Task directions: Reproduce all entries precisely as they are written.

Information supplied:
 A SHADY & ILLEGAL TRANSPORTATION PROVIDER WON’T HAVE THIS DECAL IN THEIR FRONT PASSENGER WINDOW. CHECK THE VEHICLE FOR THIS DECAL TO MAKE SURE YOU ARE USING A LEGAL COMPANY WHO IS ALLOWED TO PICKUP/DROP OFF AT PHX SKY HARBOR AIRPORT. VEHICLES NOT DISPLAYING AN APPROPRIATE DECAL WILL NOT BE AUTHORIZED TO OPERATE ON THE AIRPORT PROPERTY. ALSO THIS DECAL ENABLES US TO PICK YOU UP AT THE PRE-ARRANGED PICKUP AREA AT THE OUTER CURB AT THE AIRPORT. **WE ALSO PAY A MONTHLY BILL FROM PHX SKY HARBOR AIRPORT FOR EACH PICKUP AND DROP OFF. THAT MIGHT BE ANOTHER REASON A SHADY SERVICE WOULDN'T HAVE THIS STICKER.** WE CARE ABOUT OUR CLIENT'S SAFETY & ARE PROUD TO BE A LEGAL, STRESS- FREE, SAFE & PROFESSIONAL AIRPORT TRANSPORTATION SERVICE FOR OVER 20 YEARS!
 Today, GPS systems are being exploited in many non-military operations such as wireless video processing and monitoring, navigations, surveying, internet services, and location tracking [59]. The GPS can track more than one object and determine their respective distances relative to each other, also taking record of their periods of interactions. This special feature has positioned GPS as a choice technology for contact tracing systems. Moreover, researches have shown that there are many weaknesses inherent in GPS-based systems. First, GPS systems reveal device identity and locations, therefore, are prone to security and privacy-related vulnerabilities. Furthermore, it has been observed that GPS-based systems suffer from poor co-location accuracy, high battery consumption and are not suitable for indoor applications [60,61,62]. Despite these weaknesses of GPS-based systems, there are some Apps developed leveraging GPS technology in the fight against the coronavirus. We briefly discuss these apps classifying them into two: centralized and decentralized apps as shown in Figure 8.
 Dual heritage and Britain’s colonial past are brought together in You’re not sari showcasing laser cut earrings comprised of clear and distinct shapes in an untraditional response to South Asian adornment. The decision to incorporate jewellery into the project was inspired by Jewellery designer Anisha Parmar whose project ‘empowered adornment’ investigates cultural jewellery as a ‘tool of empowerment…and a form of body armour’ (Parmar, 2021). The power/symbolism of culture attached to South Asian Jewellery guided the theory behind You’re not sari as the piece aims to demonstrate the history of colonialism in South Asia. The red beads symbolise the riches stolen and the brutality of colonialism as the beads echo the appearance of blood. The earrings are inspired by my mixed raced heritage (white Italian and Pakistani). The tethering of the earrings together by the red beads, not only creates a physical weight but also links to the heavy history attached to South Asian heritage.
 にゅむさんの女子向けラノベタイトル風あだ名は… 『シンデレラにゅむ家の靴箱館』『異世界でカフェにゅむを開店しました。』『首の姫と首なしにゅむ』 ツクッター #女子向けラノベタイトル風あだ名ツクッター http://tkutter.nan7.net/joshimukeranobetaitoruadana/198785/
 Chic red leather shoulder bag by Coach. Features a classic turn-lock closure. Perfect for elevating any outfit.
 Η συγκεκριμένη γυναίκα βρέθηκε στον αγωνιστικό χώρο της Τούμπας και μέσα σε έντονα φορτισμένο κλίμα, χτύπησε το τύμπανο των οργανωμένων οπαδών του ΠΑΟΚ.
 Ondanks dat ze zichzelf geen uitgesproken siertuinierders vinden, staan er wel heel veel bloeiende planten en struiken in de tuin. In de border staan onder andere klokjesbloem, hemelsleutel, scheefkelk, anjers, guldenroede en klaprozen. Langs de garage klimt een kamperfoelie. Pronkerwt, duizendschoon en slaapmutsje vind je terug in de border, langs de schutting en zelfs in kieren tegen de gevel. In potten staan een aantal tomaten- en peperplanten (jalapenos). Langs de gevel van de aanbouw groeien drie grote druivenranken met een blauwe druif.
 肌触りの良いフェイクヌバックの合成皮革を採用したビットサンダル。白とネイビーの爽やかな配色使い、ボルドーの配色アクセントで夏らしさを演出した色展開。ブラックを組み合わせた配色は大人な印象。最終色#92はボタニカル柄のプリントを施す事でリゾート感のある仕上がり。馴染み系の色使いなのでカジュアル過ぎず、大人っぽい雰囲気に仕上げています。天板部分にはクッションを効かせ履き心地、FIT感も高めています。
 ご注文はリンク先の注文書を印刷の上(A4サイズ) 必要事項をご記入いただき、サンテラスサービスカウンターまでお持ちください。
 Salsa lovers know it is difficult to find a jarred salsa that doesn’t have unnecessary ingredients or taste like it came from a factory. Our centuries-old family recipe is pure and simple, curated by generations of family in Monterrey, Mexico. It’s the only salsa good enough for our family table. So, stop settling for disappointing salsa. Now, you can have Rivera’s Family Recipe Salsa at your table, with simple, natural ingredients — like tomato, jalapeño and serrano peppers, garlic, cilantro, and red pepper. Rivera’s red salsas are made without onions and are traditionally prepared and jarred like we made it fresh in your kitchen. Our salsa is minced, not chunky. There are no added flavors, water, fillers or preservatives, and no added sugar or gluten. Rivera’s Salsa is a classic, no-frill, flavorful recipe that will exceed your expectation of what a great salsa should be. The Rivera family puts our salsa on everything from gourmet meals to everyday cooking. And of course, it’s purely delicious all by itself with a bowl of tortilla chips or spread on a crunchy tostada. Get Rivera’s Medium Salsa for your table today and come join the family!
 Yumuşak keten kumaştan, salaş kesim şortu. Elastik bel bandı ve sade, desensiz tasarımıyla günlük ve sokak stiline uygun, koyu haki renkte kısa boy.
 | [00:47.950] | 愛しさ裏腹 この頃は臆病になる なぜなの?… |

Written reply:
 A SHADY & ILLEGAL TRANSPORTATION PROVIDER WON’T HAVE THIS DECAL IN THEIR FRONT PASSENGER WINDOW. CHECK THE VEHICLE FOR THIS DECAL TO MAKE SURE YOU ARE USING A LEGAL COMPANY WHO IS ALLOWED TO PICKUP/DROP OFF AT PHX SKY HARBOR AIRPORT. VEHICLES NOT DISPLAYING AN APPROPRIATE DECAL WILL NOT BE AUTHORIZED TO OPERATE ON THE AIRPORT PROPERTY. ALSO THIS DECAL ENABLES US TO PICK YOU UP AT THE PRE-ARRANGED PICKUP AREA AT THE OUTER CURB AT THE AIRPORT. **WE ALSO PAY A MONTHLY BILL FROM PHX SKY HARBOR AIRPORT FOR EACH PICKUP AND DROP OFF. THAT MIGHT BE ANOTHER REASON A SHADY SERVICE WOULDN'T HAVE THIS STICKER.** WE CARE ABOUT OUR CLIENT'S SAFETY & ARE PROUD TO BE A LEGAL, STRESS- FREE, SAFE & PROFESSIONAL AIRPORT TRANSPORTATION SERVICE FOR OVER 20 YEARS!
 Today, GPS systems are being exploited in many non-military operations such as wireless video processing and monitoring, navigations, surveying, internet services, and location tracking [59]. The GPS can track more than one object and determine their respective distances relative to each other, also taking record of their periods of interactions. This special feature has positioned GPS as a choice technology for contact tracing systems. Moreover, researches have shown that there are many weaknesses inherent in GPS-based systems. First, GPS systems reveal device identity and locations, therefore, are prone to security and privacy-related vulnerabilities. Furthermore, it has been observed that GPS-based systems suffer from poor co-location accuracy, high battery consumption and are not suitable for indoor applications [60,61,62]. Despite these weaknesses of GPS-based systems, there are some Apps developed leveraging GPS technology in the fight against the coronavirus. We briefly discuss these apps classifying them into two: centralized and decentralized apps as shown in Figure 8.
 Dual heritage and Britain’s colonial past are brought together in You’re not sari showcasing laser cut earrings comprised of clear and distinct shapes in an untraditional response to South Asian adornment. The decision to incorporate jewellery into the project was inspired by Jewellery designer Anisha Parmar whose project ‘empowered adornment’ investigates cultural jewellery as a ‘tool of empowerment…and a form of body armour’ (Parmar, 2021). The power/symbolism of culture attached to South Asian Jewellery guided the theory behind You’re not sari as the piece aims to demonstrate the history of colonialism in South Asia. The red beads symbolise the riches stolen and the brutality of colonialism as the beads echo the appearance of blood. The earrings are inspired by my mixed raced heritage (white Italian and Pakistani). The tethering of the earrings together by the red beads, not only creates a physical weight but also links to the heavy history attached to South Asian heritage.
 にゅむさんの女子向けラノベタイトル風あだ名は… 『シンデレラにゅむ家の靴箱館』『異世界でカフェにゅむを開店しました。』『首の姫と首なしにゅむ』 ツクッター #女子向けラノベタイトル風あだ名ツクッター http://tkutter.nan7.net/joshimukeranobetaitoruadana/198785/
 Chic red leather shoulder bag by Coach. Features a classic turn-lock closure. Perfect for elevating any outfit.
 Η συγκεκριμένη γυναίκα βρέθηκε στον αγωνιστικό χώρο της Τούμπας και μέσα σε έντονα φορτισμένο κλίμα, χτύπησε το τύμπανο των οργανωμένων οπαδών του ΠΑΟΚ.
 Ondanks dat ze zichzelf geen uitgesproken siertuinierders vinden, staan er wel heel veel bloeiende planten en struiken in de tuin. In de border staan onder andere klokjesbloem, hemelsleutel, scheefkelk, anjers, guldenroede en klaprozen. Langs de garage klimt een kamperfoelie. Pronkerwt, duizendschoon en slaapmutsje vind je terug in de border, langs de schutting en zelfs in kieren tegen de gevel. In potten staan een aantal tomaten- en peperplanten (jalapenos). Langs de gevel van de aanbouw groeien drie grote druivenranken met een blauwe druif.
 肌触りの良いフェイクヌバックの合成皮革を採用したビットサンダル。白とネイビーの爽やかな配色使い、ボルドーの配色アクセントで夏らしさを演出した色展開。ブラックを組み合わせた配色は大人な印象。最終色#92はボタニカル柄のプリントを施す事でリゾート感のある仕上がり。馴染み系の色使いなのでカジュアル過ぎず、大人っぽい雰囲気に仕上げています。天板部分にはクッションを効かせ履き心地、FIT感も高めています。
 ご注文はリンク先の注文書を印刷の上(A4サイズ) 必要事項をご記入いただき、サンテラスサービスカウンターまでお持ちください。
 Salsa lovers know it is difficult to find a jarred salsa that doesn’t have unnecessary ingredients or taste like it came from a factory. Our centuries-old family recipe is pure and simple, curated by generations of family in Monterrey, Mexico. It’s the only salsa good enough for our family table. So, stop settling for disappointing salsa. Now, you can have Rivera’s Family Recipe Salsa at your table, with simple, natural ingredients — like tomato, jalapeño and serrano peppers, garlic, cilantro, and red pepper. Rivera’s red salsas are made without onions and are traditionally prepared and jarred like we made it fresh in your kitchen. Our salsa is minced, not chunky. There are no added flavors, water, fillers or preservatives, and no added sugar or gluten. Rivera’s Salsa is a classic, no-frill, flavorful recipe that will exceed your expectation of what a great salsa should be. The Rivera family puts our salsa on everything from gourmet meals to everyday cooking. And of course, it’s purely delicious all by itself with a bowl of tortilla chips or spread on a crunchy tostada. Get Rivera’s Medium Salsa for your table today and come join the family!
 Yumuşak keten kumaştan, salaş kesim şortu. Elastik bel bandı ve sade, desensiz tasarımıyla günlük ve sokak stiline uygun, koyu haki renkte kısa boy.
 | [00:47.950] | 愛しさ裏腹 この頃は臆病になる なぜなの?… |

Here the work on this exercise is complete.